The dilapidated cloisters, littered with old casks, farm implements, and the like, preserve ample traces of their former architectural character, changed as they are since the days when the sandalled feet of the worthy cellarer resounded through the echoing arches as he paced to and fro, meditating upon coming vintages and future marryings of wines. Vine-leaves and bunches of grapes decorate some of the more ancient columns inside the church, and grotesque mediæval monsters, such as monkish architects habitually delighted in, entwine themselves around the capitals of others. The stalls of the choir are elaborately carved with cherubs’ heads, medallions and figures of saints, cupids supporting shields, and free and graceful arabesques of the epoch of the Renaissance. In the chancel, close by the altar-steps, are a couple of black-marble slabs, with Latin inscriptions of dubious orthography, the one to Johannes Royer, who died in 1527, and the other, which has been already cited in detail, setting forth the virtues and merits of Dom Petrus Perignon, the discoverer of the effervescing qualities of Champagne. In the central aisle a similar slab marks the resting-place of Dom Thedoricus Ruynart—obit 1709—an ancestor of the Reims Ruinarts; and little square stones interspersed among the tiles with which the side aisles of the church are paved record the deaths of other members of the Benedictine brotherhood during the seventeenth and eighteenth centuries. Several large pictures grace the walls of the church, the most interesting one representing St. Nivard, Bishop of Reims, and his friend, St. Berchier, designating to some mediæval architect the site which the contemplated Abbey of St. Peter is to occupy, as set forth in the legend already related.

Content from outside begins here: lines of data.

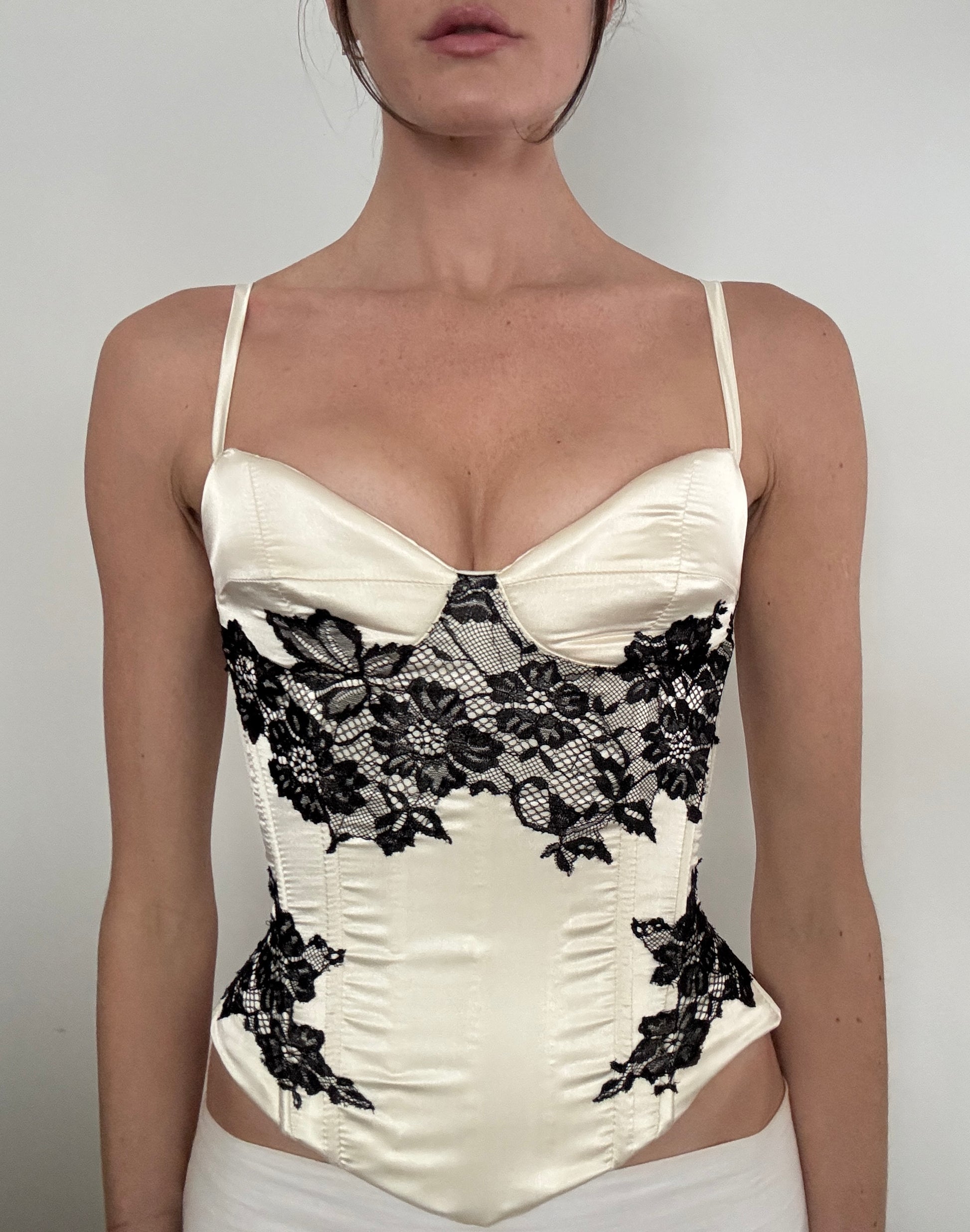 The Evangeline corset is a stunning sweetheart cup style strap top. It is made with padded contoured cups and boning throughout the bodice for support. This corset has hand sewn black lace detailing and adjustable straps. The curved hemline accentuates the natural curves of the body and had an adjustable back closure.
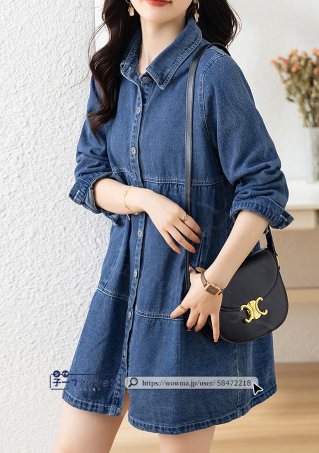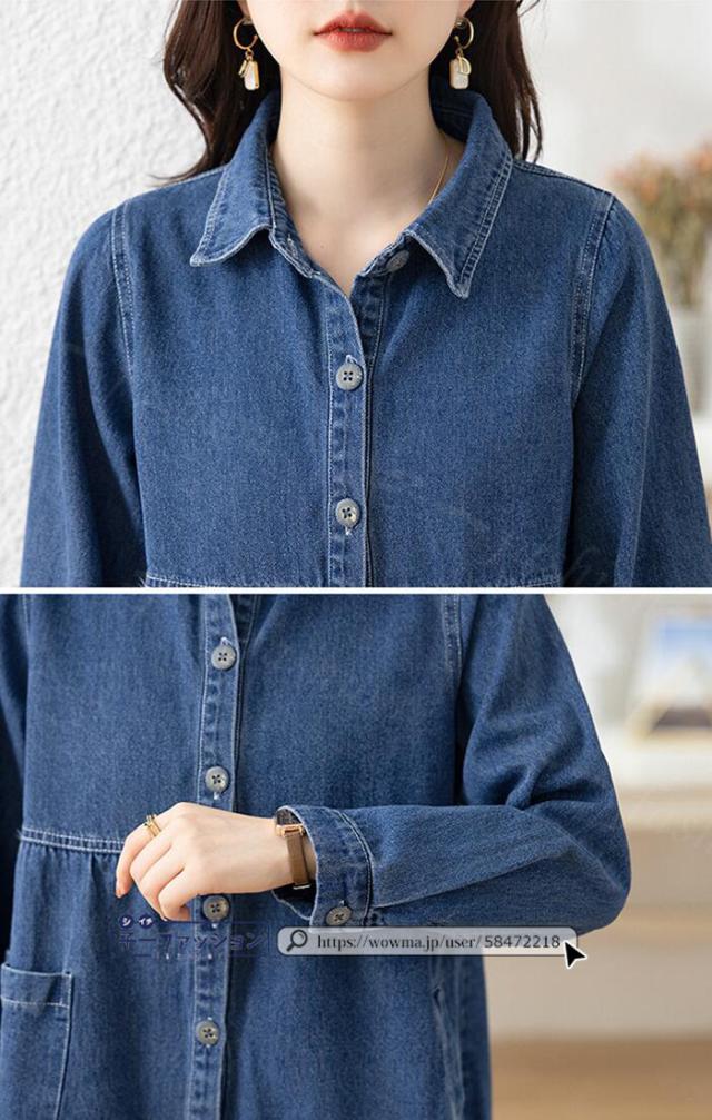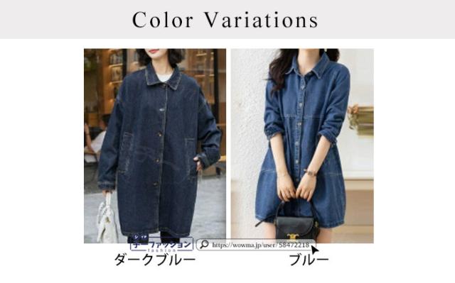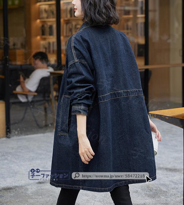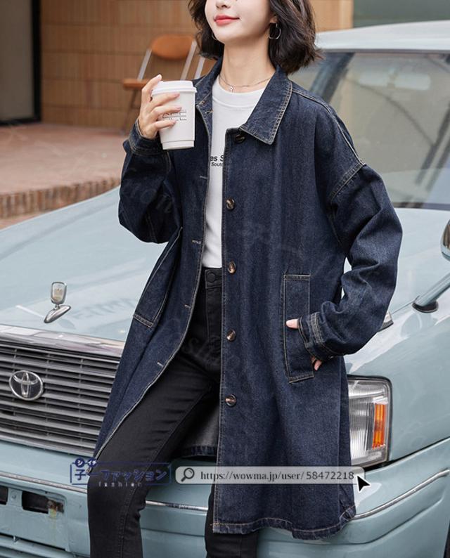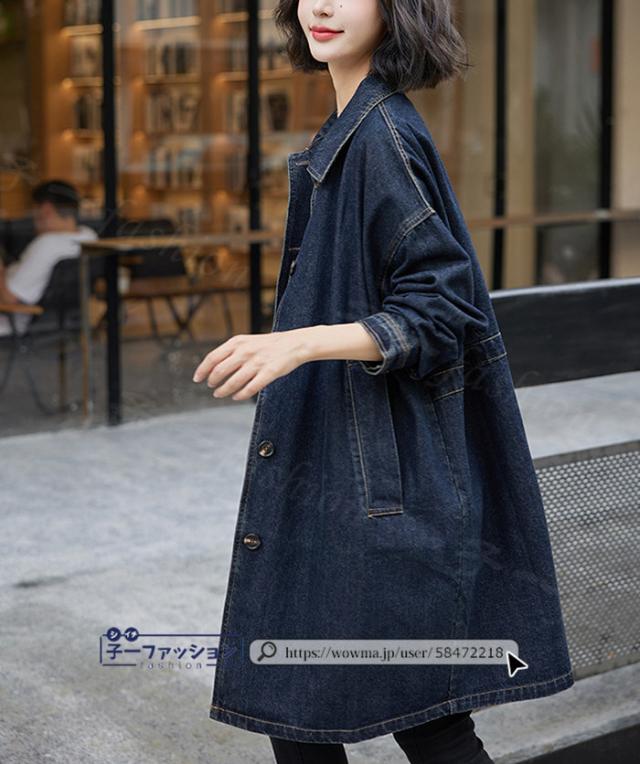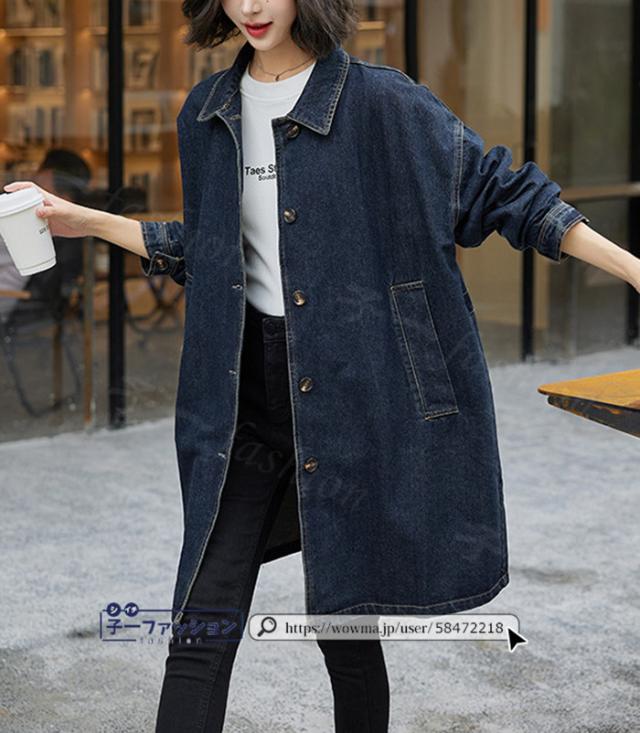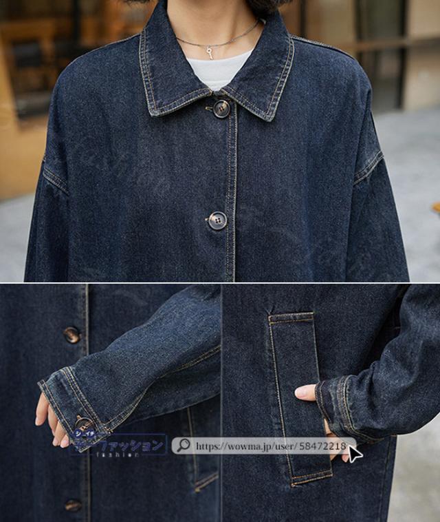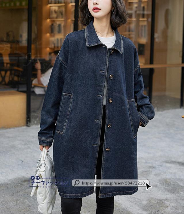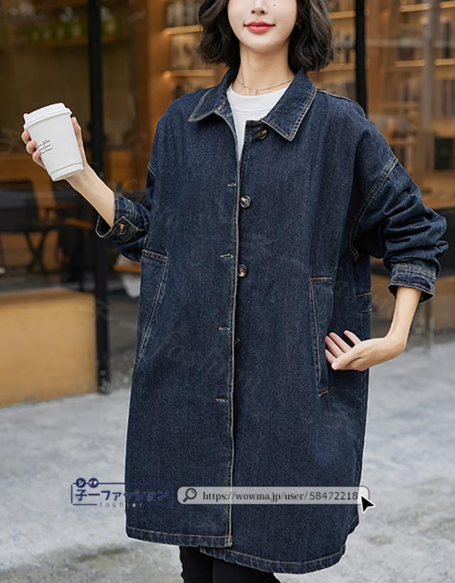 デニムコート 冬新作 レディース ロング丈 オーバーサイズ レディースコート トップス ジャケット 秋 冬 デニム アウター ステッチ コットン 大きいサイズ ネイビー ブルー 無地 通勤 普段着 長袖 春秋
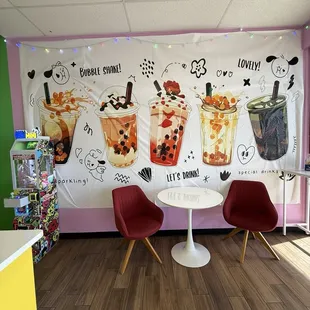 Cute place! Only 2 tables, not a place for large groups! The gentleman there was so friendly and welcoming. The prices for the drinks aren't bad. I got an iced tea with mango, boba and strawberry jelly....I will go with less sweet next time instead of standard. By the time I was almost done it was too sweet to finish. The boba was good though! I'll go back, I want to try a latte and a slush!!
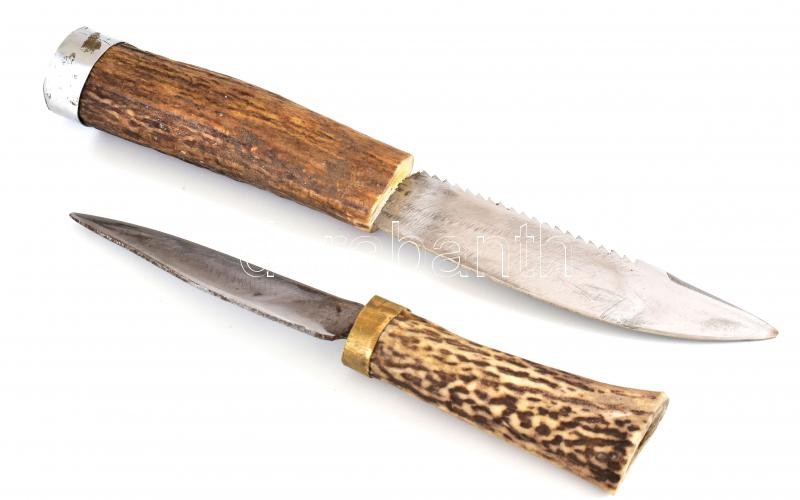 Leírás: 2 db vadász kés, agancs nyéllel, kopott, jelzés nélkül, h:17-23cm
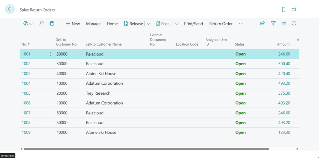 - Sales return orders
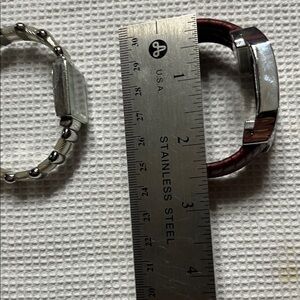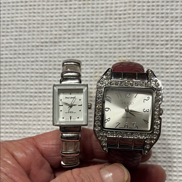 Novelty watches one red cuff one clear/silver cuff. BOTH NEED BATTERIES. No returns
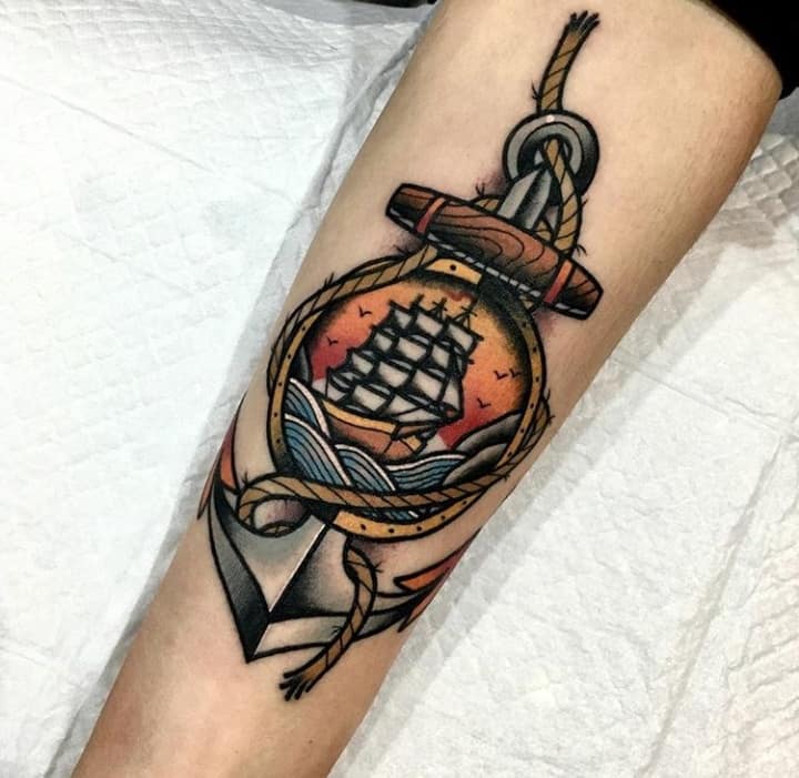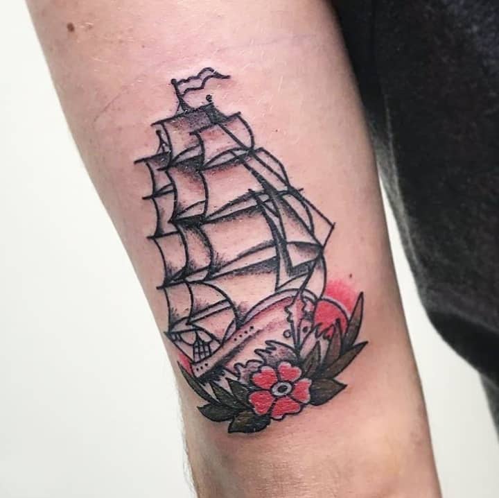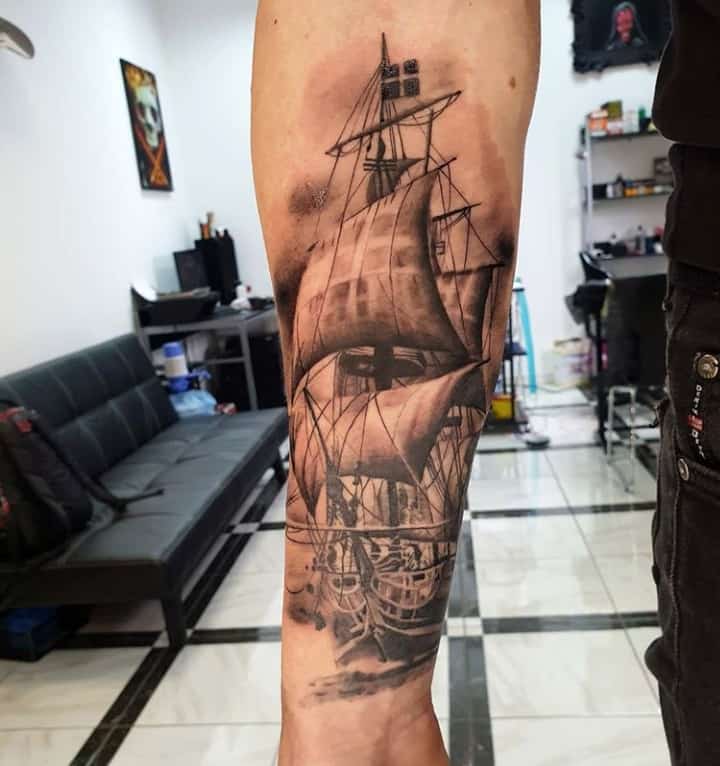 У давні часи татуювання вітрильник наколювали моряки. Цим вони висловлювали нескінченну любов і шанування свободи і моря. Спочатку службовці на флоті наносили зображення з кораблем не заради прикраси, а як відмітний знак. Якщо раптом траплялася Корабельна аварія, то символ підказував, що потопельника потрібно поховати за звичаями флоту. Місцем поховання ставало море. І в наші дні багато моряків бажають, щоб їх після смерті поховали у водній безодні.

FROM THE ABBEY CHURCH, HAUTVILLERS.

At a short distance from the abbey farm, Messrs. Moët & Chandon have erected a tower, whence a splendid view, extending over the vineyards of Cumières, Hautvillers, Dizy, and Ay, with those lying on the opposite bank of the river, is to be obtained. Gazing from here, it is easy to imagine the scene presented in the days when the Abbey of St. Peter still reared its stately walls, when Louis Chaumejan de Tourille wore the abbatial insignia, and Dom Perignon displayed with equal pride as the badge of his office the key of the abbey cellars. Over these slopes on a dewy autumn morning the latter’s eyes, ere sealed in blindness, must have often wandered, and an unctuous chuckle must have welled up from between his lips as he marked the grapes steadily advancing towards maturity. We can fancy him pausing from time to time

‘To breathe an ejaculatory prayer
And a benediction on the vines,’

although in those halcyon days there was neither oïdium nor phylloxera to be dreaded, and an extra taper or so to St. Vincent, the patron of vine-dressers, sufficed to secure the crop from ordinary accidents of flood and field.

When the epoch of the vintage arrived, and the slopes were all alive with bands of vintagers engaged in stripping the ripened purple bunches from the vines, and carefully transporting them to the winepress, one can picture Dom Perignon smiling contentedly at the report of the gray-haired bailiff that no such crop had been garnered for years before. And when the must began to gush forth as the stalwart bare-armed peasants tugged at the levers of the huge press on which M. de Tourille had placed the glorifying inscription elsewhere cited, with what satisfaction must Perignon have recognised a foreshadowing of that divine aroma which lends so exquisite a charm to the choice vintages of the Champagne! Later on we can imagine him entering the abbey cellar, stored with the results of his careful labours, as a

‘sacred place,
With a thoughtful, solemn, and reverent pace,’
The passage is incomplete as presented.